WARNING: Liberals, this blog could be hazardous to your mental health because I'm politically incorrect.
The heart of the wise inclines to the right, but the heart of the fool to the left. -- Ecclesiastes 10:2 (NIV)
When the people fear their government, there is tyranny; when the government fears the people, there is liberty. Thomas Jefferson
When the people fear their government, there is tyranny; when the government fears the people, there is liberty. Thomas Jefferson
Liberalism: Ideas so good, you have to be forced to accept them.
''ARE YOU AN AMERICAN --or a LIBERAL.''
Thursday, December 13, 2012
Brace yourselves: America’s next revolution may be just around the corner
"No doubt about it". MC
After a status quo election, American politics seems fairly stable – two relatively equal parties are jockeying for position. Nevertheless, James Piereson, a Manhattan senior fellow at American University, sees President Barack Obama as “a figure from a dying era.” The bureaucratic state, he says, teeters on the edge of collapse.
Monday night, Piereson told a brief story of America – past, present, and future – to a crowd of about 80 concerned citizens at the American Enterprise Institute (AEI), in Washington, D.C. as part of a lecture explaining why he believes that American’s next revolution is just around the corner. In order to predict the future, we must first learn from the past, he argued.
In 1800, Thomas Jefferson’s party called John Adams a “blind, bald, crippled, toothless old man,” while
Adams’ party said a Jefferson presidency would bring “murder, adultery, rape, incest, and robbery” to America.
When Jefferson’s Democrats won in 1800 (and in the next five elections), they brought along something worse – Manifest Destiny. Under their rule, the Republic grew from thirteen colonies along the East Coast to a continental empire “from sea to shining sea.”

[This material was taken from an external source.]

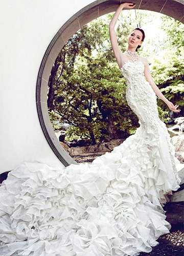 花瓣长拖尾尽显奢华,特别适合拍婚纱照时使用。将拖尾漂亮地摆在前面,正好为新娘增加线条感。

After this first “party regime,” Piereson said that Lincoln’s Republicans, who held the reins of power from 1860 to 1930, grew the economy through the free market, tariffs on European goods and the gold standard. America’s population rose from 30 million people to 130 million, and America became an industrial nation.
After the stock market crash of 1929, “the Democratic welfare regime” sought security for the middle and working classes. Their programs of Social Security, labor unions and federal spending stabilized the economy.

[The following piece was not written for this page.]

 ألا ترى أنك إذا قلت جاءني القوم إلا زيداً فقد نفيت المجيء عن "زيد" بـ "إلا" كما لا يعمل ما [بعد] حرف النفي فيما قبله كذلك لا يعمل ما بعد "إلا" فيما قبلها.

In recent years, however, that system has started falling apart.
“Since 2001, federal spending has grown at roughly twice the rate of economic growth,” and states and individuals keep asking the U.S. government for more money.
Negative demographic trends also test the system. While between 80 and 90 million people will be set to draw old age benefits in the 2020s. The current workforce (people able to work) stands at 158 million, and perhaps only 120 million of them have full time jobs.
“Even if we assume an expanding economy and a declining unemployment rate, the nation will eventually reach a point where there are less than two people working to support each beneficiary,” Piereson said, explaining that 150 million people will be working to support 80 million. “That’s not a good situation.”
The bad news doesn’t stop there. In order to meet America’s economic needs, Pierson said, the U.S.’s gross domestic product (GDP) needs to grow at least by about 2 percent per year, so long as spending does not increase. If the economy grows even faster, we can cut the deficit and debt. However, given the decades of decline in the U.S. GDP, that is not likely to occur.
Increasing federal spending, an aging population, and lagging economic growth will drive up deficits further, no matter how well Republicans and Democrats deal with the impending “fiscal cliff.”
These problems are likely to hit Millenials hardest, since those currently entering their twenties will drive the workforce in the next two decades.
As in the 1860s, something’s got to give in America. Politicians did not face the problem of slavery head on in the 1840s and 1850s, and it led to a civil war. America may need another cataclysmic event – like the Election of 1800, the Civil War, or the Stock Market Crash of 1929 – to force the people to deal with these problems, he argued.
The “fiscal cliff” may just the beginning of the U.S.’s fall from grace.